1350–1400; Middle English diaria - Late Latin diarrhoea - Greek diĆ”rrhoia a flowing through, equivalent to diarrho- (variant stem of diarrheĆ®n to flow through) | Anything, e v e r y t h i n g that comes out.
Sunday, 6 July 2014
words
Let me tell you what the problem is with words. Let me tell you, with the warmth of greeting from a mute palm or at that moment when I wordlessly turn from you in misunderstanding.
The tongue in flattering falsehood deals, and tells a tale it never feels.
See this, and see how discriminate words are. We walk under the city sky and feel the rain falling on our heads, all of us beggars and bourgeois alike, be it that the shower is a blessing or an annoyance. Not so with words--sugared and yielding where something hangs in the balance, scathing in scorn, merciless in indifference.
Deceit the guilty lips impart, and hush the mandates of the heart.

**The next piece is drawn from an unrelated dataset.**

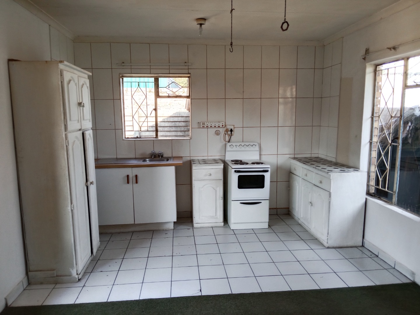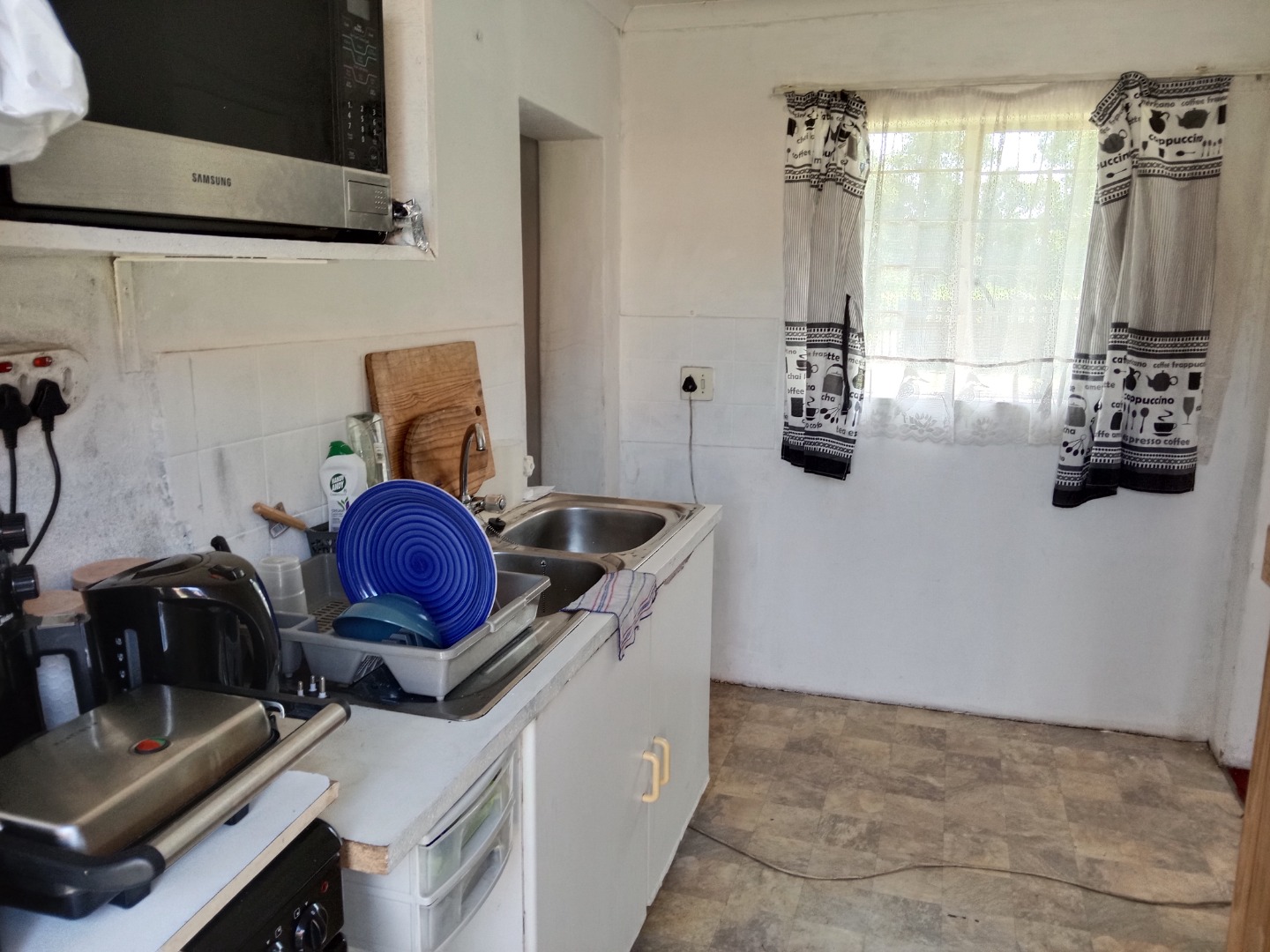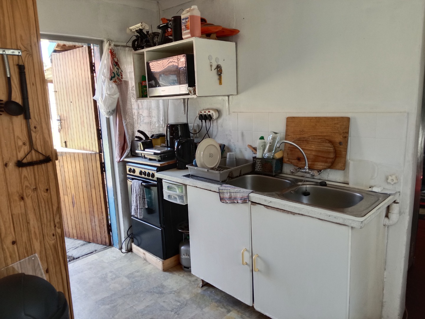 Inside, the home features a lounge area, benefiting from natural light, providing ample room for relaxation and family gatherings. The functional kitchen is equipped with a double sink and a gas stove/oven, offering direct outdoor access for convenience. While currently basic, this space holds significant potential for modern upgrades to suit your culinary preferences.

But there is one thing where rain and words do not differ. You may have seen it. In the busy streets of Manila when it rains, when each little drop of water comes knocking on a sheltered heart: metal, concrete, asphalt--lies. No one listens, no one cares. Not you. Water gathers dirt and floods the city, the tears of an angel unheeded. We might have tried to listen if it wasn't here. If it was parted from us from a long time.
But souls' interpreters, the eyes, spurn such restraint and scorn disguise.
When rain, when words have left us, all that's left to do is to look at the skies. That's when we seek communion, in the silence looming more ominous than words. With tears in our eyes, a prayer in our parched lips, our palms outstretched to clutch the memory of a blessing.
We only love it when it's gone.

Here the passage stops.